### INSTRUCTIONS FOR THE TASK
Whenever a picture appears in the data, skip it and write out all other material exactly.

### DATA PROVIDED
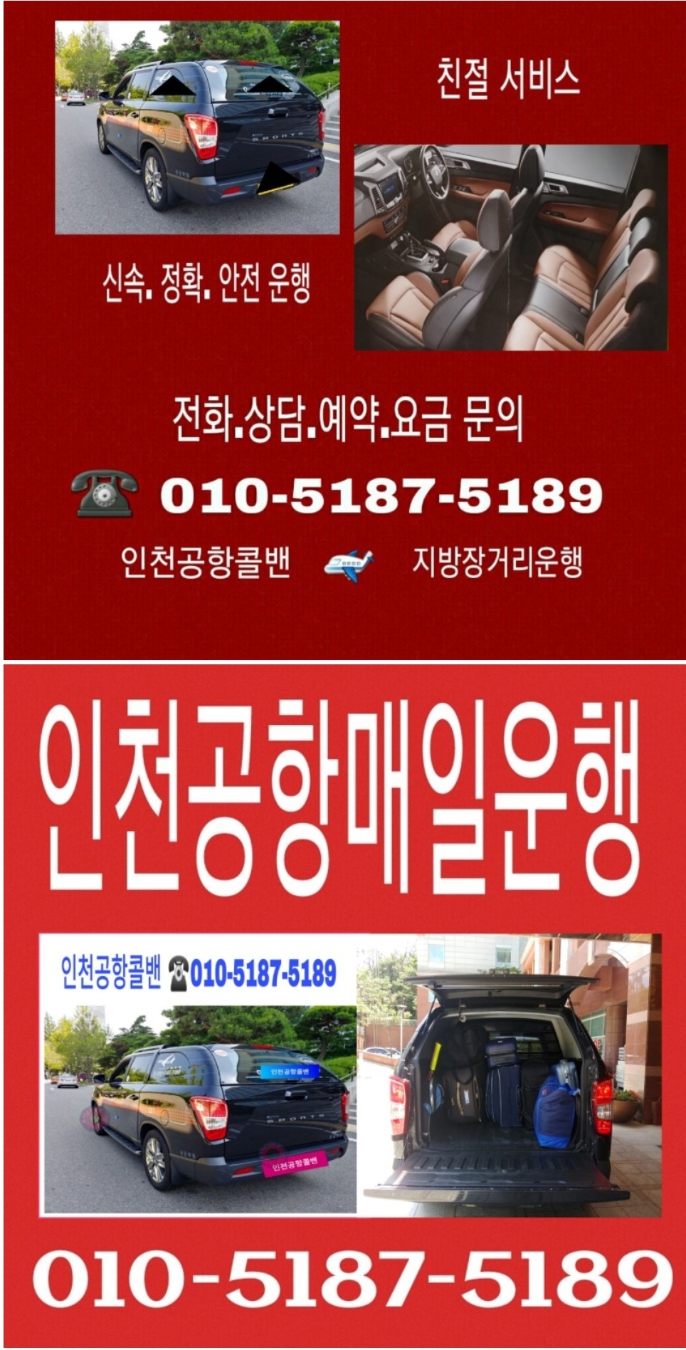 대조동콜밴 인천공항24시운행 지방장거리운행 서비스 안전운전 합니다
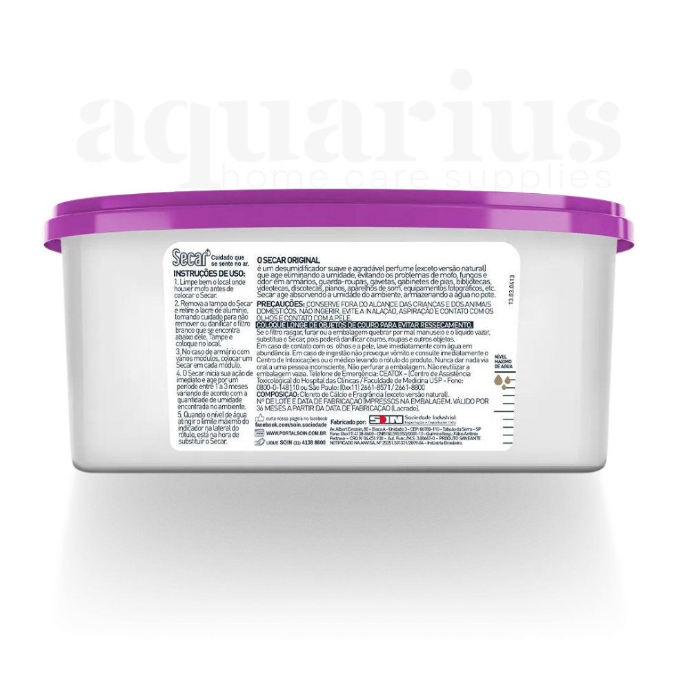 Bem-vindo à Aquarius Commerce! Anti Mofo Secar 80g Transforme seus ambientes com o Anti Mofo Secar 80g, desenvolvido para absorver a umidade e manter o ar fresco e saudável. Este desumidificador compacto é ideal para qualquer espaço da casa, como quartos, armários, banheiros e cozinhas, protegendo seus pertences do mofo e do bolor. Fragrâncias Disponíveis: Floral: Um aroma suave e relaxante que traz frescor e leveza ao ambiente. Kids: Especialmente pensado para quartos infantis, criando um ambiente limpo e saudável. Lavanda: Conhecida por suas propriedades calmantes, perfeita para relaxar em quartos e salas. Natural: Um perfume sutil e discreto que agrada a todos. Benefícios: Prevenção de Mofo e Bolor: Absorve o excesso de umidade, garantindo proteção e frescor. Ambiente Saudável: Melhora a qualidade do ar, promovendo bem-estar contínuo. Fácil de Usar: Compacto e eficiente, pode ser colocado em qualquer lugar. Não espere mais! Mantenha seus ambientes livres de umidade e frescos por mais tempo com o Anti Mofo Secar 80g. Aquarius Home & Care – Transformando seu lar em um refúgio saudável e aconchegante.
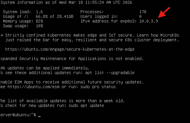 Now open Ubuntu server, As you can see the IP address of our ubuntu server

### EXERCISE SOLUTION
 대조동콜밴 인천공항24시운행 지방장거리운행 서비스 안전운전 합니다
 Bem-vindo à Aquarius Commerce! Anti Mofo Secar 80g Transforme seus ambientes com o Anti Mofo Secar 80g, desenvolvido para absorver a umidade e manter o ar fresco e saudável. Este desumidificador compacto é ideal para qualquer espaço da casa, como quartos, armários, banheiros e cozinhas, protegendo seus pertences do mofo e do bolor. Fragrâncias Disponíveis: Floral: Um aroma suave e relaxante que traz frescor e leveza ao ambiente. Kids: Especialmente pensado para quartos infantis, criando um ambiente limpo e saudável. Lavanda: Conhecida por suas propriedades calmantes, perfeita para relaxar em quartos e salas. Natural: Um perfume sutil e discreto que agrada a todos. Benefícios: Prevenção de Mofo e Bolor: Absorve o excesso de umidade, garantindo proteção e frescor. Ambiente Saudável: Melhora a qualidade do ar, promovendo bem-estar contínuo. Fácil de Usar: Compacto e eficiente, pode ser colocado em qualquer lugar. Não espere mais! Mantenha seus ambientes livres de umidade e frescos por mais tempo com o Anti Mofo Secar 80g. Aquarius Home & Care – Transformando seu lar em um refúgio saudável e aconchegante.
 Now open Ubuntu server, As you can see the IP address of our ubuntu server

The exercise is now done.